The Policy's Business Income (Excluding Extra Expense) coverage states in relevant part:
We will pay for the actual loss of “business income” you sustain due to the necessary “suspension” of your “operations” during the “period of restoration”. The “suspension” must be caused by
direct physical loss of or damage to property at a “premises” at which a Limit of Insurance is shown on the Declarations for Business Income. The loss or damage must be directly caused by a “covered cause of loss”. We will not pay more than the applicable Limit of Insurance shown on the Declarations for Business Income at that “premises”.Id. ¶¶ 5, 24-25, Ex. 2 at ECF p.134 (underlined emphasis added). The “period of restoration” begins when “[t]he direct physical loss or damage that causes ‘suspension' of your ‘operations' occurs” and ends on “[t]he date when the location where the loss or damage occurred could have been physically capable of resuming the level of ‘operations' which existed prior to the loss or damage, if the location had been restored to the physical size, construction, configuration, location, and material specifications which would satisfy the minimum requirements necessary to obtain all required building permits, occupancy permits, operating licenses, or similar documents” or “[t]he date when a new permanent location is physically capable of resuming the level of ‘operations' which existed prior to the loss or damage.” Id., Ex. 2 at ECF p.79. A “covered cause of loss” is defined as “a fortuitous cause or event, not otherwise excluded, which actually occurs during this policy period.” Id. ¶ 26, Ex. 2 at ECF p.71.
All bolded text within quotation marks denotes specifically defined in the Policy.
The Policy further includes Extra Expense coverage:
We will pay for the actual and necessary “extra expense” you incur due to direct physical loss of or damage to property at a “premises” at which a Limit of Insurance is shown for Extra Expense on the Declarations. The loss or damage must be directly caused by a “covered cause of loss”. We will not pay more than the applicable Limit of Insurance shown on the Declarations for Extra Expense at that “premises”.Id., Ex. 2 at ECF p.143 (underlined emphasis added).
The Policy also contains numerous exclusions. Of particular relevance here is the Microorganism Exclusion, which states:
We will not pay for loss or damage consisting of, directly or indirectly caused by, contributed to, or aggravated by the presence, growth, proliferation, spread, or any activity of “microorganisms”, unless resulting from fire or lighting. Such loss is excluded regardless of any other cause or event, including a “mistake”,
“malfunction”, or weather condition, that contributes concurrently or in any sequence to the loss, even if such other cause of event would otherwise be covered.

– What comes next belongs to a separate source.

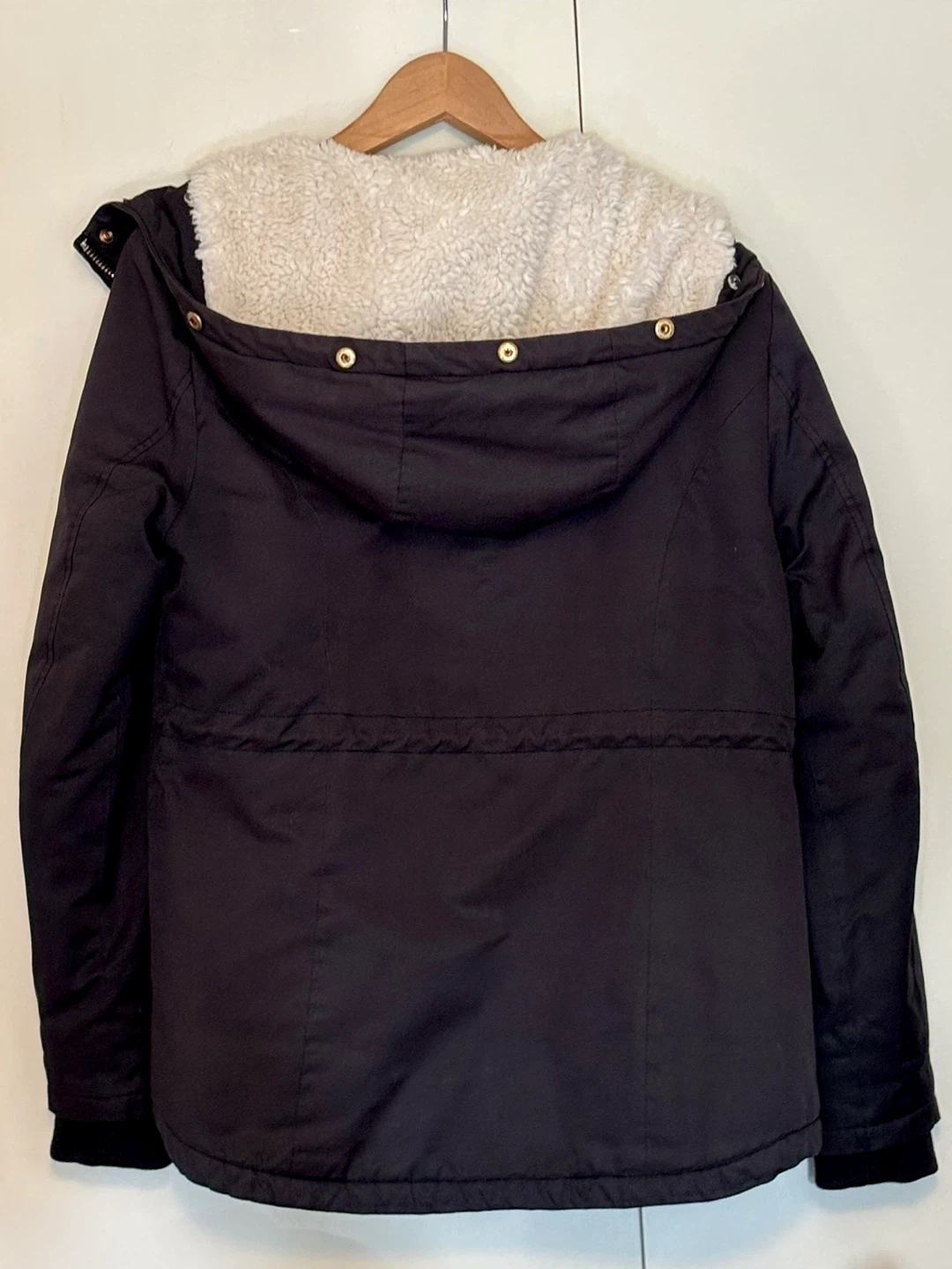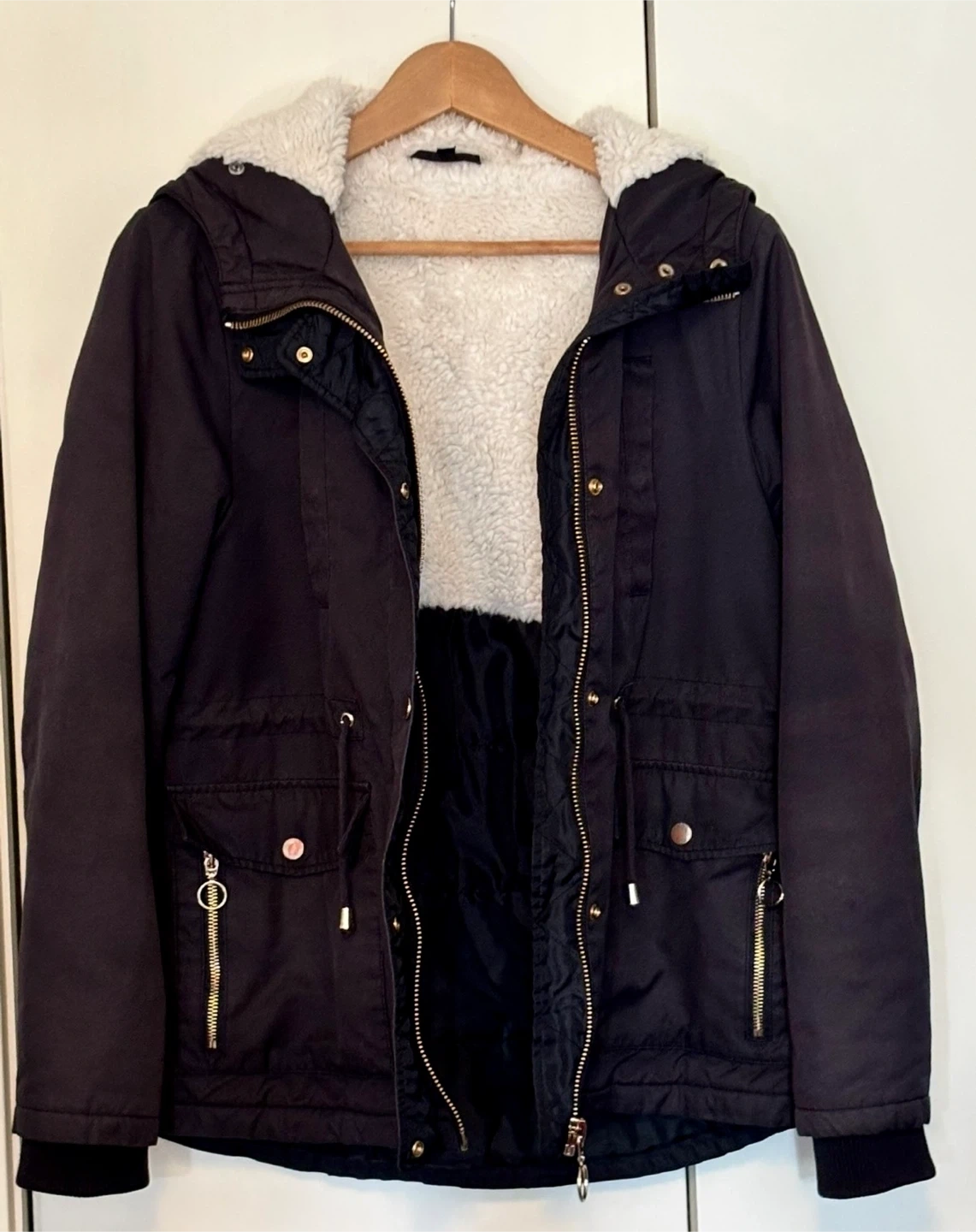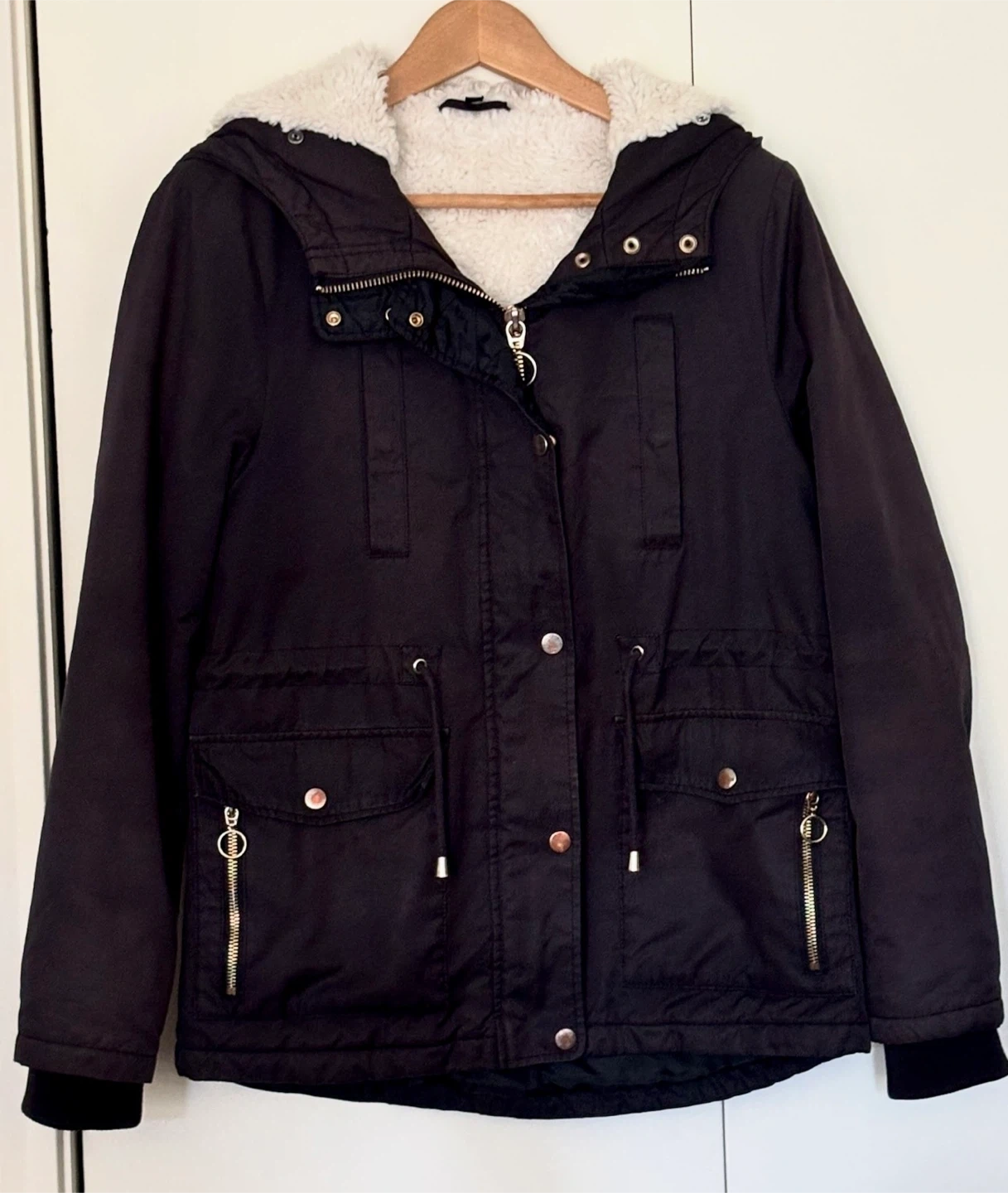 TOPSHOP black parka jacket. It's lined with cozy sherpa for extra warmth. Lots of pockets! This jacket is a UK size 10. It features a drawstring waist for a customized fit. No rips or stains.

But if a result of one of these excluded causes of loss is a “specified cause of loss”, other than fire or lighting, we will pay that portion of the loss or damage which was solely caused by that “specified cause of loss”.

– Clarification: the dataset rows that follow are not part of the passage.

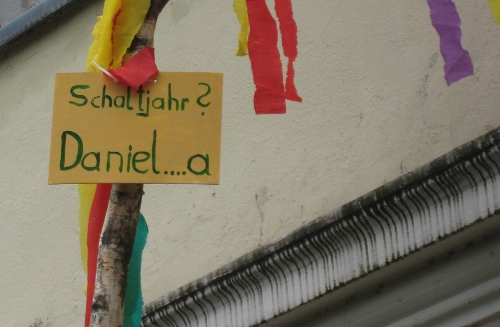 Von der Tradition der Maibäume habe ich an anderer Stelle ja bereits berichtet. Dazu nun eine aktuelle Anmerkung: 2012 ist ein Schaltjahr und da ist ja immer alles ver-rückt. So heißt es die Maibäume betreffend, dass diese von den Frauen aufgestellt werden – ihrem Herzallerliebsten halt. Ich konnte mich davon überzeugen, dass auch diese Tradition lebt:
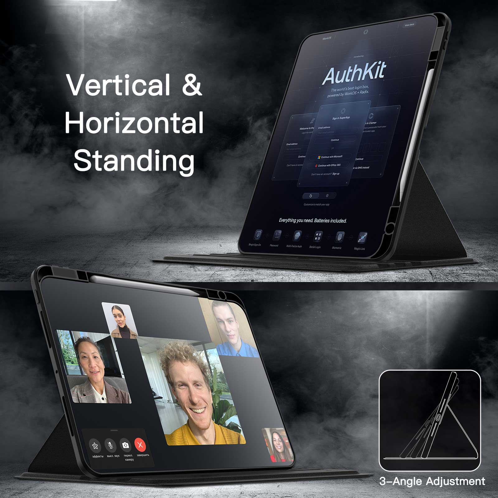 • [Sturdy Protection] Built with clear PC back, shockproof TPU frame and PU leather front cover, this case protects your iPad well against drops and bumps. Also offer seamless protection with precise cutouts for the speaker, camera, buttons and other ports
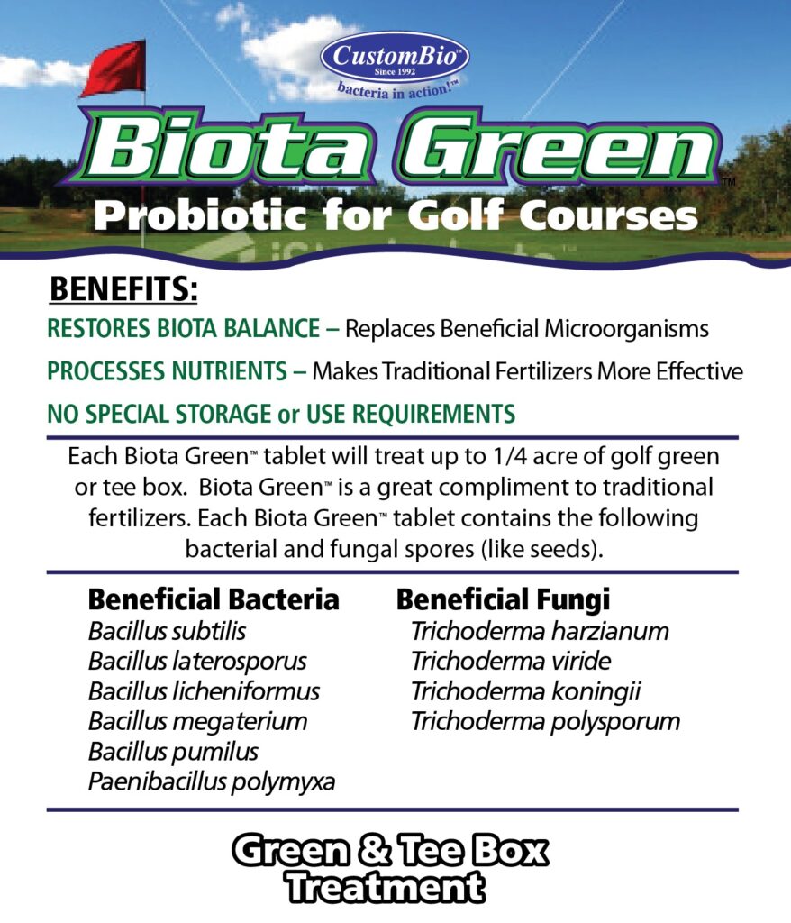 바이오타그린(BIOTA GREEN)은 골프장 그린을 위해 특별히 만들어진 독특한 자연 토양 프로바이오틱스입니다. 바이오타그린(BIOTA GREEN)은 건강한 골프 그린에서 발견되는 유익한 박테리아와 유익한 곰팡이를 함유하고 있습니다.
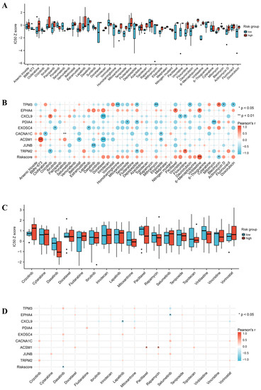 Association of risk subgroups or scores with drug sensitivity (*, p < 0.05; **, p < 0.01). (A) Drug sensitivities of different risk subgroups were obtained from CellMiner. (B) Correlation of drug IC50 with expression levels of 9 PRGs and risk scores in CellMiner. (C) Drug sensitivities of different risk subgroups obtained from GDSCv2. (D) Correlation of drug IC50 with expression levels of 9 PRGs and risk scores in GDSCv2. IC50, drug half-inhibitory concentration.
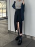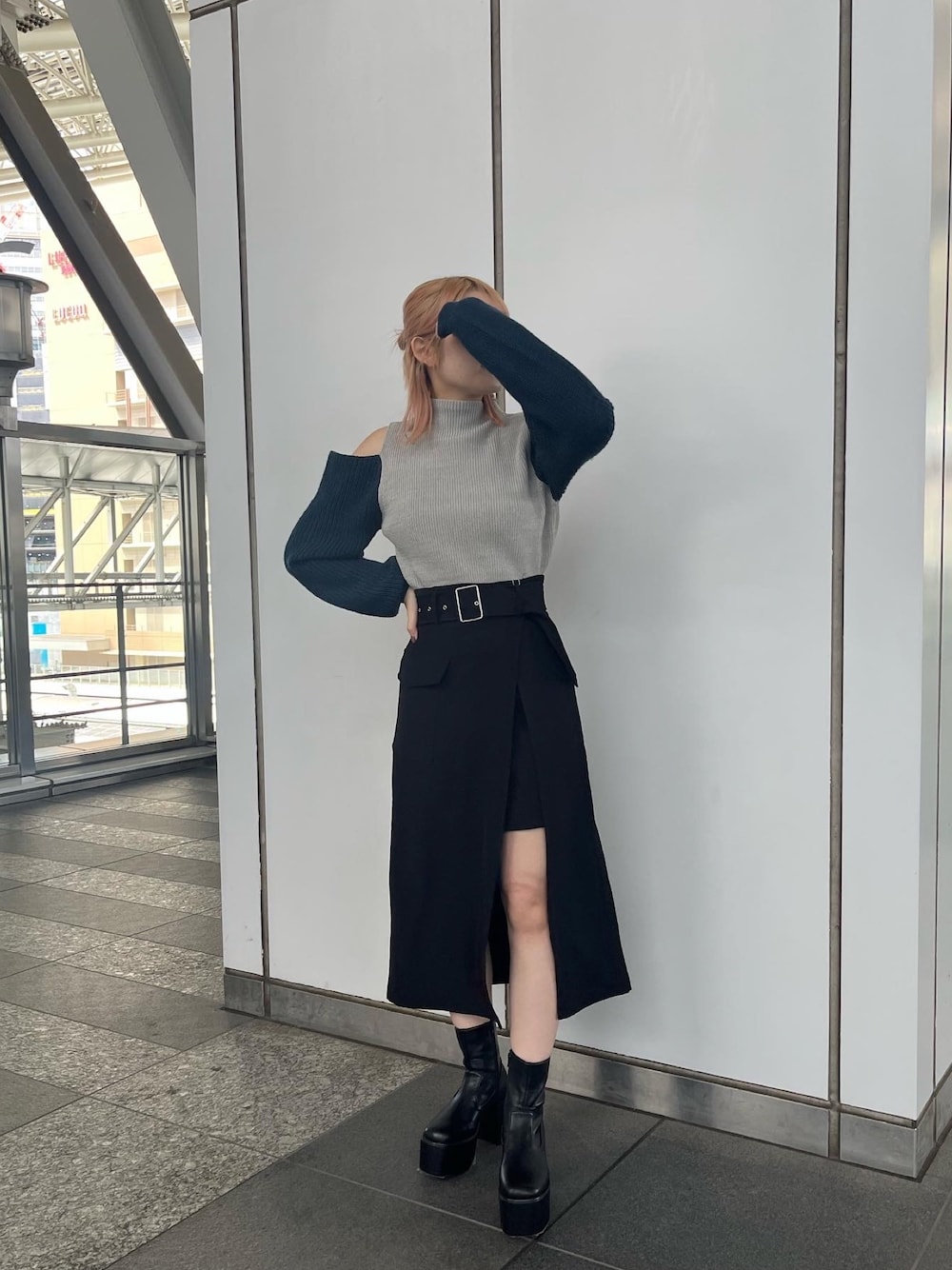 【knit】1枚で決まるデザインニット。 肩のカッティングデザインとバイカラーの配色がポイントです。 【skirt】MURUA定番のラップスカート!とにかくAラインのシルエットが綺麗で骨盤や腰回りをカバーしてくれます。大胆なスリットがヌケ感を演出。普段ミニスカート履かない方でも挑戦しやすいスカートです!【boots】プラットフォームデザインが安定感があり歩きやすい一足。しっかり高さがあるので足を綺麗に見せてくれるので感動しました!

We will also not pay for loss, cost, or expense arising out of any request, demand, order, or statutory or regulatory requirement that requires any insured or others to test for, monitor, clean up, remove, treat, detoxify, or neutralize, or in any way respond to, or assess the effects of “microorganisms”.Compl. ¶ 33, Ex. 2 at ECF p.91. “Microorganism” is defined as “any type or form of organism of microscopic or ultramicroscopic size including, but not limited to, ‘fungus', wet or dry rot, virus, algae, or bacteria, or any by-product.” Id., Ex. 2 at ECF p.76. The Policy also contains a loss of use exclusion: “We will not pay for loss or damage caused by or resulting from loss of market, loss of use, or delay. This exclusion applies even if one of these excluded causes of loss was caused by or resulted from a ‘mistake' or ‘malfunction'.” Id., Ex. 2 at ECF p.91.

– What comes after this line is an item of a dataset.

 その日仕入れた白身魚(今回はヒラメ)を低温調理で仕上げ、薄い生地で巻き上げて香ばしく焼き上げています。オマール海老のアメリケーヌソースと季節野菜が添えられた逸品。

On March 4, 2020, Governor Gavin Newsom proclaimed a state of emergency in California based on the threat of COVID-19. Compl. ¶¶ 6, 47, Ex. 3 at 1. On March 16, 2020, the Health Officer for the County of Santa Clara issued a “shelter in place” order requiring businesses to cease all non-essential operations and prohibiting access to the casino. Id. ¶¶ 8, 51. On March 19, 2020, Governor Newsom issued Executive Order N-33-20, ordering “all individuals living in the State of California to stay home or at their place of residence except as needed to maintain continuity of operations of the federal critical infrastructure sectors.” Id. ¶¶ 8, 52. In compliance with these state and local orders, Sutter's Place suspended business operations at all locations. Id. ¶¶ 9, 37. In order to comply with California guidelines for re-opening, Sutter's Place incurred extra expenses for equipment, construction, services, and supplies to abide by social distancing and sanitation rules. Id. ¶ 54. Sutter's Place asserts that these state and local orders “constitute a predominant cause” of its losses to this day. Id. ¶ 55.
On April 9, 2020, Sutter's Place promptly filed a claim with Zurich under the Policy for “business interruption loss resulting from the government-ordered suspension of its operations.” Id. ¶ 56. On August 25, 2020, Zurich issued a letter denying Sutter's Place's claim because (1) Sutter's Place did not claim any direct physical loss of or damage to the casino, and (2) the Policy's Microorganism Exclusion excluded coverage for physical damage or loss based on a virus such as the COVID-19 virus. Id. ¶¶ 57-59, Ex. 4. Sutter's Place alleges that Zurich did not perform a full, fair, and balanced investigation and that its denial was insufficient and based on an erroneous interpretation of the Policy. Id. ¶¶ 57-60.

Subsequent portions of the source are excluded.